▶ Work instruction
I'd like the data below restated word for word, with the pictures left out.

▶ Dataset section
-- Opening Marker --

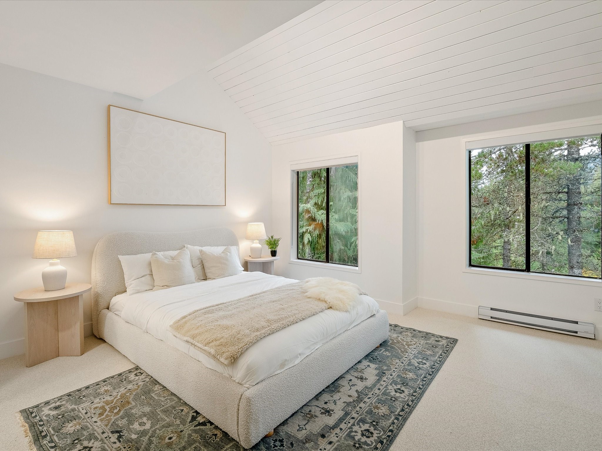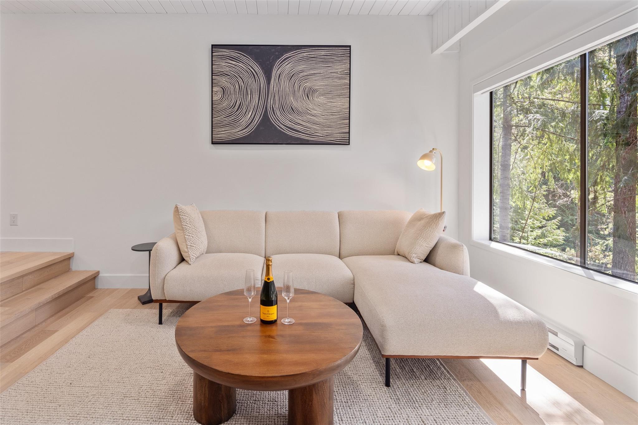 Set on the shores of Alpha Lake, this exquisitely renovated 3-bed, 2-bath townhouse in Twin Lakes offers a perfect blend of luxury and alpine serenity. White oak hardwood floors flow through an open living space anchored by a striking wood-burning fireplace. The custom kitchen with oak cabinets and Caesarstone countertops is designed for effortless entertaining. Step onto your deck to take in breathtaking inlet views. Spa-inspired bathrooms feature heated floors, quartz countertops, a soaker tub, and private sauna. Twin Lakes offers a private beach, dock, outdoor pool, tennis court, and ski shuttle to the gondolas. Just 5 minutes from Creekside, this is the ultimate year-round retreat or weekend getaway. Embrace the Whistler lifestyle, surrounded by nature and adventure at your doorstep.
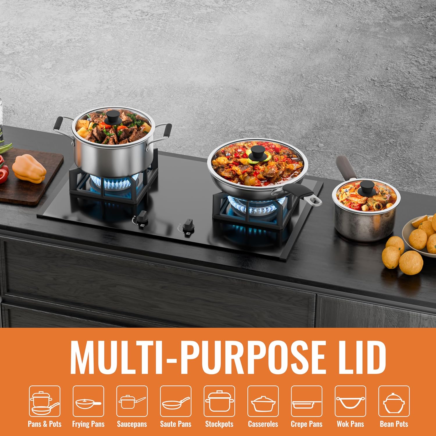 - STRONG HD TEMPERED GLASS: With premium high-definition and strong tempered glass, this durable glass lid for pots and pans ensures even heat distribution and withstands high temperatures. Perfect for pots and pans, it offers a clear view of your cooking without lifting.
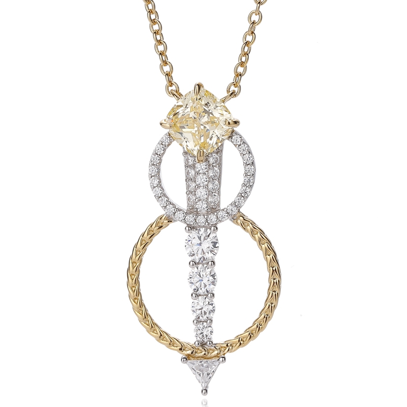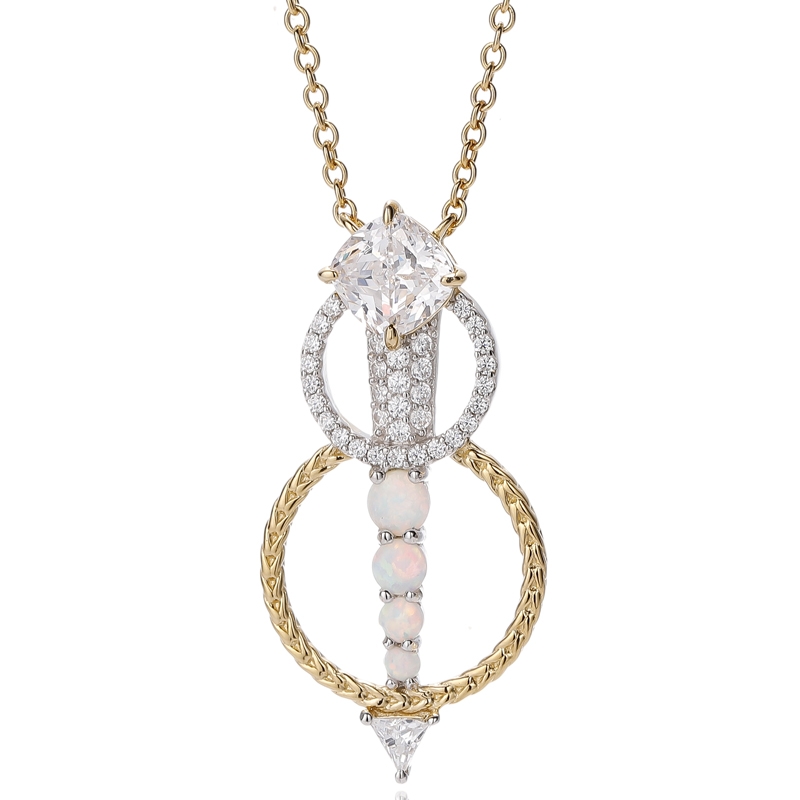 4.81Runder Opal- und kissenförmiger weißer Zirkonia-Silberanhänger mit zweifarbiger Versilberung

-- Closing Marker --

▶ Result of the exercise
 Set on the shores of Alpha Lake, this exquisitely renovated 3-bed, 2-bath townhouse in Twin Lakes offers a perfect blend of luxury and alpine serenity. White oak hardwood floors flow through an open living space anchored by a striking wood-burning fireplace. The custom kitchen with oak cabinets and Caesarstone countertops is designed for effortless entertaining. Step onto your deck to take in breathtaking inlet views. Spa-inspired bathrooms feature heated floors, quartz countertops, a soaker tub, and private sauna. Twin Lakes offers a private beach, dock, outdoor pool, tennis court, and ski shuttle to the gondolas. Just 5 minutes from Creekside, this is the ultimate year-round retreat or weekend getaway. Embrace the Whistler lifestyle, surrounded by nature and adventure at your doorstep.
 - STRONG HD TEMPERED GLASS: With premium high-definition and strong tempered glass, this durable glass lid for pots and pans ensures even heat distribution and withstands high temperatures. Perfect for pots and pans, it offers a clear view of your cooking without lifting.
 4.81Runder Opal- und kissenförmiger weißer Zirkonia-Silberanhänger mit zweifarbiger Versilberung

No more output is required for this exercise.